The preferred method of packaging, deploying, and managing a Kubernetes application in an OpenShift Dedicated cluster. An Operator takes human operational knowledge and encodes it into software that is packaged and shared with customers.

Operator Lifecycle Manager (OLM)

OLM helps you install, update, and manage the lifecycle of Kubernetes native applications. OLM is an open source toolkit designed to manage Operators in an effective, automated, and scalable way.

Persistent storage

Stores the data even after the device is shut down. Kubernetes uses persistent volumes to store the application data.

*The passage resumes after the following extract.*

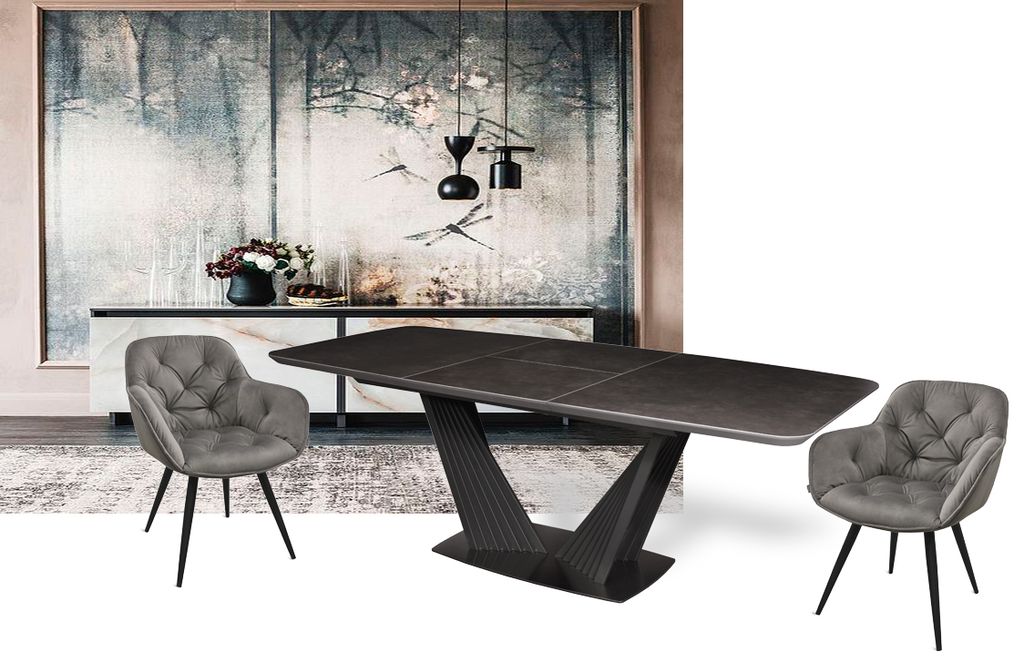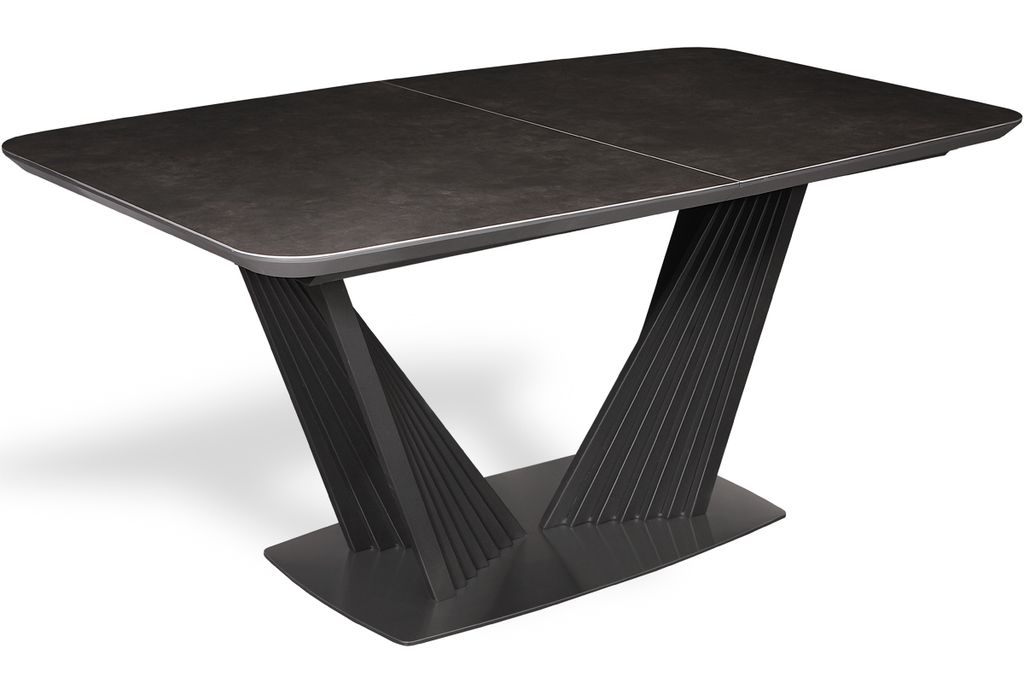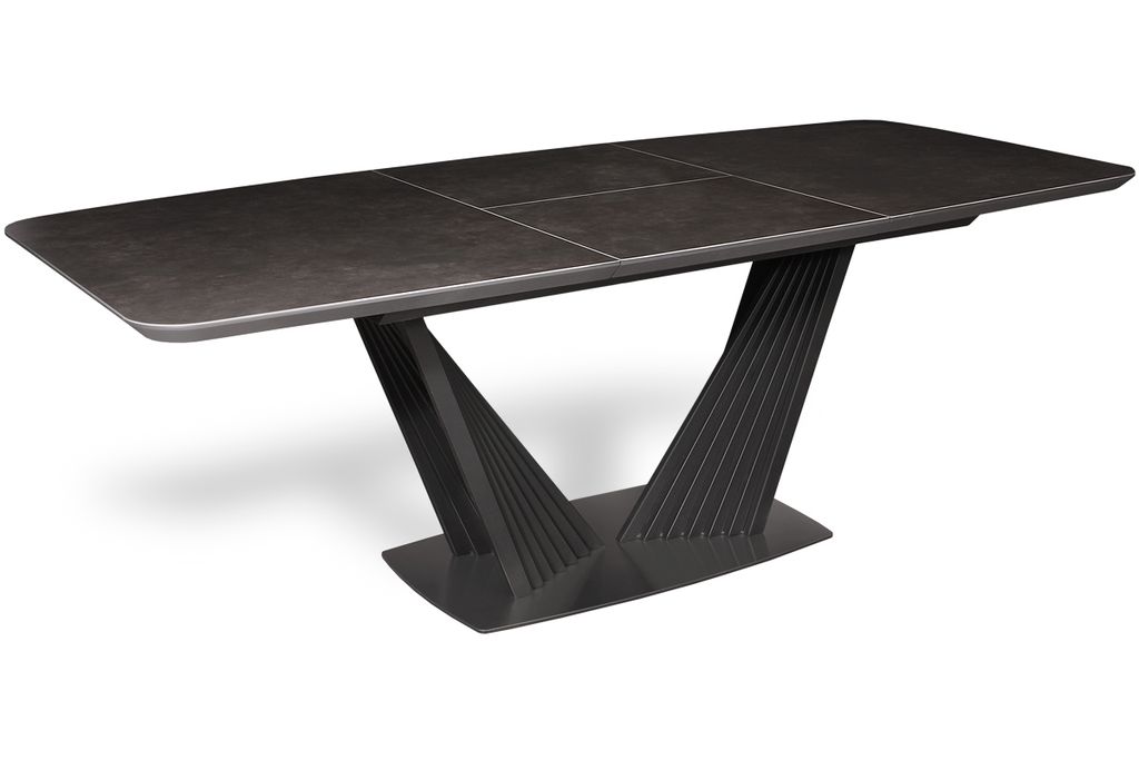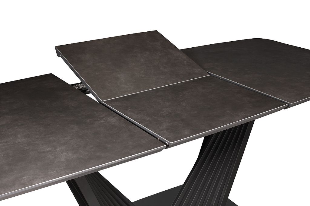 Красивый и очень продуманный дизайн с безусловным акцентом на подстолье из листового гофрированного металла. Керамическая столешница обтекаемой формы для прочности наклеена на деревянную основу. Классический механизм "бабочка" увеличивает столешницу на 60 см за счет керамической вставки. Модель эргономична, красивое и сложное по дизайну подстолье абсолютно удобно для размещения минимум 10 человек.

Persistent volume claim (PVC)

You can use a PVC to mount a PersistentVolume into a Pod. You can access the storage without knowing the details of the cloud environment.

pod

The pod is the smallest logical unit in Kubernetes. A pod is comprised of one or more containers to run in a worker node.

Prometheus

Prometheus is the monitoring system on which the OpenShift Dedicated monitoring stack is based. Prometheus is a time-series database and a rule evaluation engine for metrics. Prometheus sends alerts to Alertmanager for processing.

Prometheus Operator

The Prometheus Operator (PO) in the openshift-monitoring project creates, configures, and manages platform Prometheus and Alertmanager instances. It also automatically generates monitoring target configurations based on Kubernetes label queries.

Silences

A silence can be applied to an alert to prevent notifications from being sent when the conditions for an alert are true. You can mute an alert after the initial notification, while you work on resolving the underlying issue.

storage

OpenShift Dedicated supports many types of storage on AWS and GCP. You can manage container storage for persistent and non-persistent data in an OpenShift Dedicated cluster.

Thanos Ruler

The Thanos Ruler is a rule evaluation engine for Prometheus that is deployed as a separate process. In OpenShift Dedicated, Thanos Ruler provides rule and alerting evaluation for the monitoring of user-defined projects.

Vector

Vector is a log collector that deploys to each OpenShift Dedicated node. It collects log data from each node, transforms the data, and forwards it to configured outputs.

web console

A user interface (UI) to manage OpenShift Dedicated.